(Dataset excerpts)

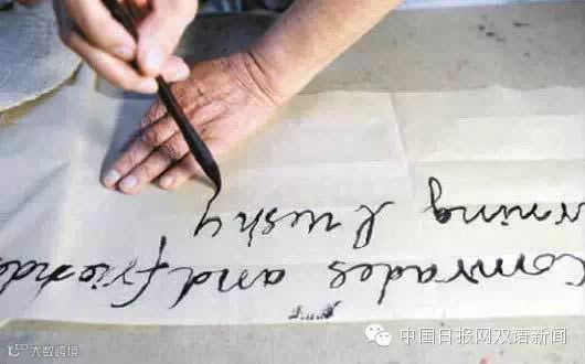 年近九旬的夏爷爷十分开朗,退休后喜欢练毛笔字,有时也用毛笔书写英文。
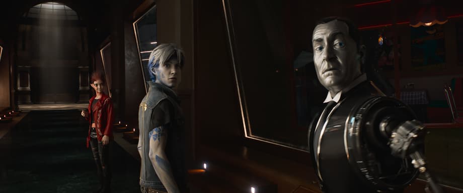 (L-R) OLIVIA COOKE as Art3mis, TYE SHERIDAN as Parzival and The Curator in Warner Bros. Pictures', Amblin Entertainment's and Village Roadshow Pictures' action adventure "READY PLAYER ONE," a Warner Bros. Pictures release.
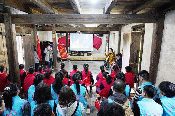 微课堂,诵读红色经典诗词。在参观中原突围鄂西北纪念馆的过程中,入党积极分子们集体观看了反映茅箭红色精神的微电影《情映东沟红》,并在东沟学堂前带领小学生们诵读毛主席诗词《卜算子·咏梅》,在朗朗书声中重温红色经典诗词,传承老一辈无产阶级革命家自强不息的奋斗精神。活动最后,beat365正版唯一官网必一党总支副书记龚国钧鼓励青少年继承先烈遗志,感恩幸福生活,发奋图强,为振兴中华而努力。
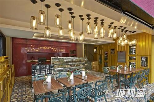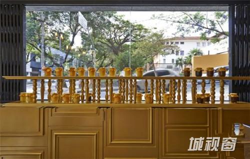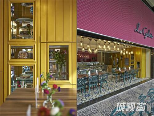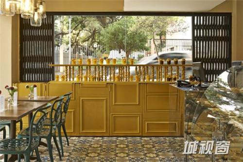 这个项目的最初目的是将这个存在了25年之久的糕点店重新包装,让它以一种全新的姿态开始运营。同时,还必须考虑3个基本的装修原则,那就是:回收、再利用和转化。桌子上方的吊灯,是用之前小卖部留下来那种保存食物的玻璃罐改造而成的,石膏嵌入做成的灯、冷藏陈列柜和餐椅也都是以前的小卖部遗留下来的。餐椅被用绿色的汽车漆重新涂刷,这让他们在新店里看起来更加醒目。金黄色的储存柜是用各种门上装饰和镜面装饰做成的,这个柜子让待出售的各种物品看起来更加光彩夺目。同时,金色也是怡人而具有诱惑力的颜色,而粉红则给这里带来一丝玩世不恭的感觉。水泥地板上使用的则是与这些颜色大不相同的对比色,包括蓝色、灰色和黑色,这种明显的色彩反差使这里看起来既古典又现代。
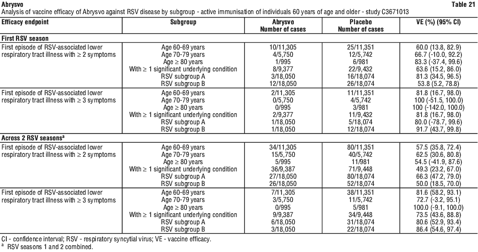 Subgroup analyses by age and prespecified high risk groups in Abrysvo recipients were consistent with the main analyses and support consistent VE observed across different age and risk groups. GMFRs of NTs for RSV A, RSV B and combined RSV A/B were 11.4, 12.6 and 12.0, respectively, in the 60-69 years age group, 12.1, 12.8 and 12.4 in the 70-79 years age group and 11.2, 15.2 and 13.0 in the ≥ 80 years age group. GMFRs of NTs for RSV A, RSV B and combined RSV A/B were 12.3, 13.8 and 13.0, respectively, in recipients with > 1 significant underlying condition.
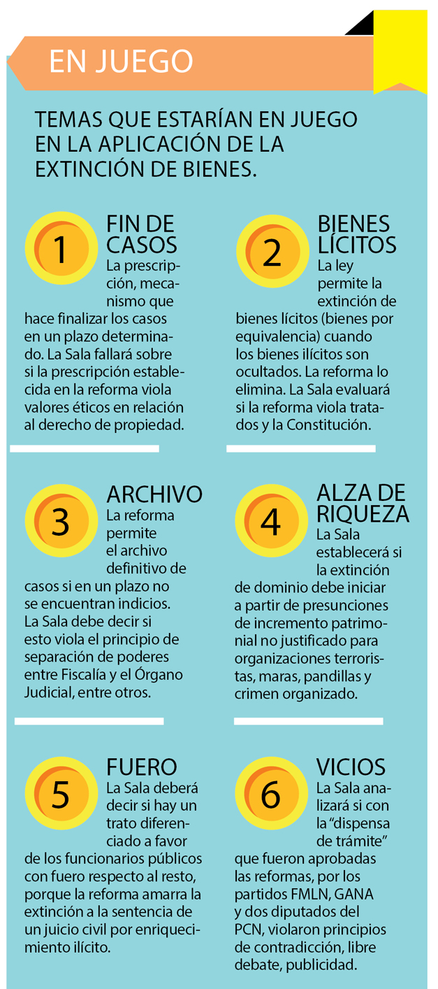 La fuente de la oficina diplomática consideró que la Ley de Extinción de Dominio de El Salvador ha surtido muchos efectos en la desarticulación de carteles del crimen en el país y, si la instancia de la CSJ falla en su contra, estaría legalizando el patrimonio ilegal de 10 años. “La comunidad internacional no quiere ver una ley más débil”, señaló la fuente, quien aseveró que Honduras hizo una reforma similar, pero fue vetada por el presidente de ese país. “No es un estudio en donde no tienen con quién compararse”, afirmó, refiriéndose a las experiencias y la jurisprudencia que Guatemala y Honduras tienen con sus leyes de extinción de bienes respectivas.
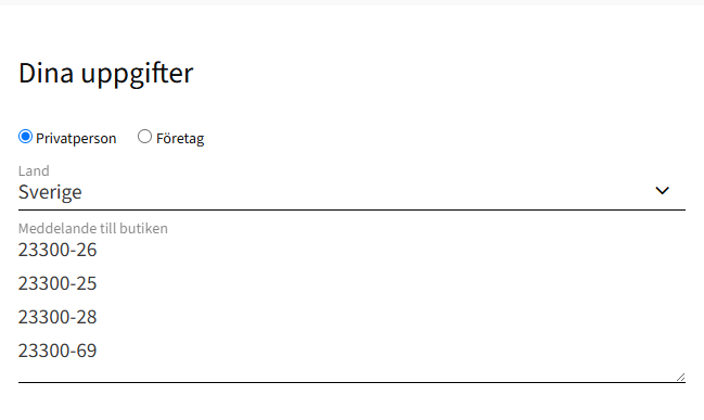 - Ange artikelnummer – till exempel: 12345, 67890, 11223
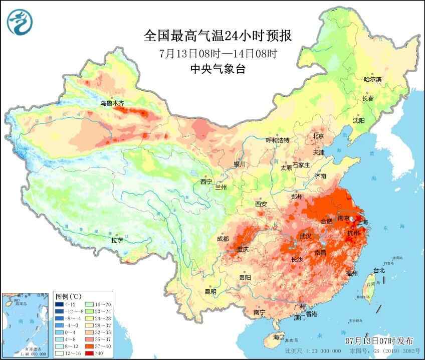 由于预料陕西南部、黄淮南部、西南地区东部、江汉、江淮、江南、华南等地继续高温,中央气象台在7月13日6时继续发布高温橙色预警。根据中央气象台7月13日的中期天气预报,展望7月13至16日,四川盆地、陕西关中、江汉、江淮、江南、华南等地多高温少雨天气,日最高气温一般为35~38℃、局部39℃左右。
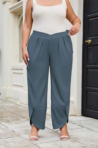 AOVDE Womens Plus Size Palazzo Pants Baggy Wide Leg Pants Elastic Crossover Waist Pleated Front Trousers with Pockets 4
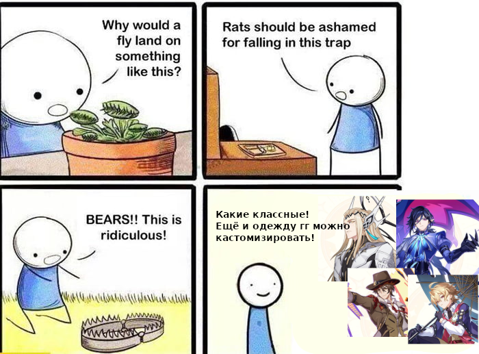 >>6277665 Большинство тян нравится а куны нет. Всратые омежки далия и этот челик дракон которого еще не показали нормально, додики Ифа и Кинич, кунов специально делают какими то не оч а все тян ахуенные (кроме лолей). Единственные ок куны внешне это Ризли и Варка
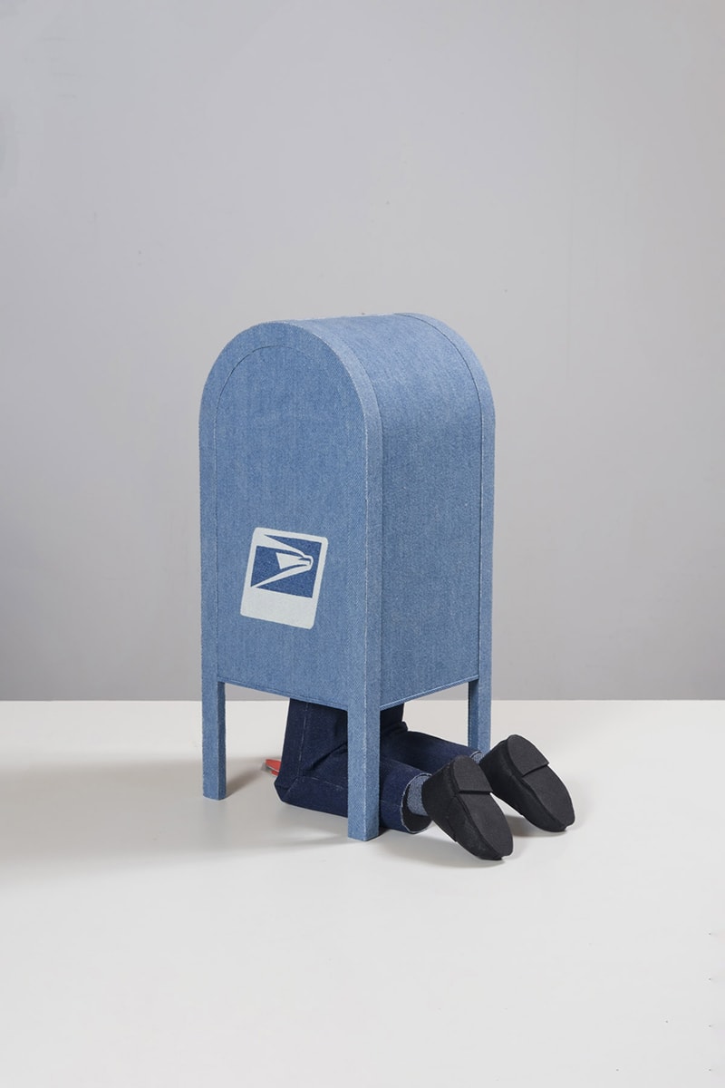 His practice aims to undo American myth-making by its very products— cigarettes, vending machines, urinals—rendered in denim, a signature material for the artist. Denim calls forth a range of associations, from the excesses of the cotton trade as it relates to slave labor to military uniforms to the co-opting of “working clothes” by layabout outsider culture and beyond. Doyle’s critique of American culture, vis-à-vis its objects, stems from the very fiber of their makeup; they destabilize from within.

| Problem description |
Repeat the data verbatim through the "微课堂,诵读红色经典诗词。在" line, no pictures.

| Written answer |
 年近九旬的夏爷爷十分开朗,退休后喜欢练毛笔字,有时也用毛笔书写英文。
 (L-R) OLIVIA COOKE as Art3mis, TYE SHERIDAN as Parzival and The Curator in Warner Bros. Pictures', Amblin Entertainment's and Village Roadshow Pictures' action adventure "READY PLAYER ONE," a Warner Bros. Pictures release.
 微课堂,诵读红色经典诗词。在参观中原突围鄂西北纪念馆的过程中,入党积极分子们集体观看了反映茅箭红色精神的微电影《情映东沟红》,并在东沟学堂前带领小学生们诵读毛主席诗词《卜算子·咏梅》,在朗朗书声中重温红色经典诗词,传承老一辈无产阶级革命家自强不息的奋斗精神。活动最后,beat365正版唯一官网必一党总支副书记龚国钧鼓励青少年继承先烈遗志,感恩幸福生活,发奋图强,为振兴中华而努力。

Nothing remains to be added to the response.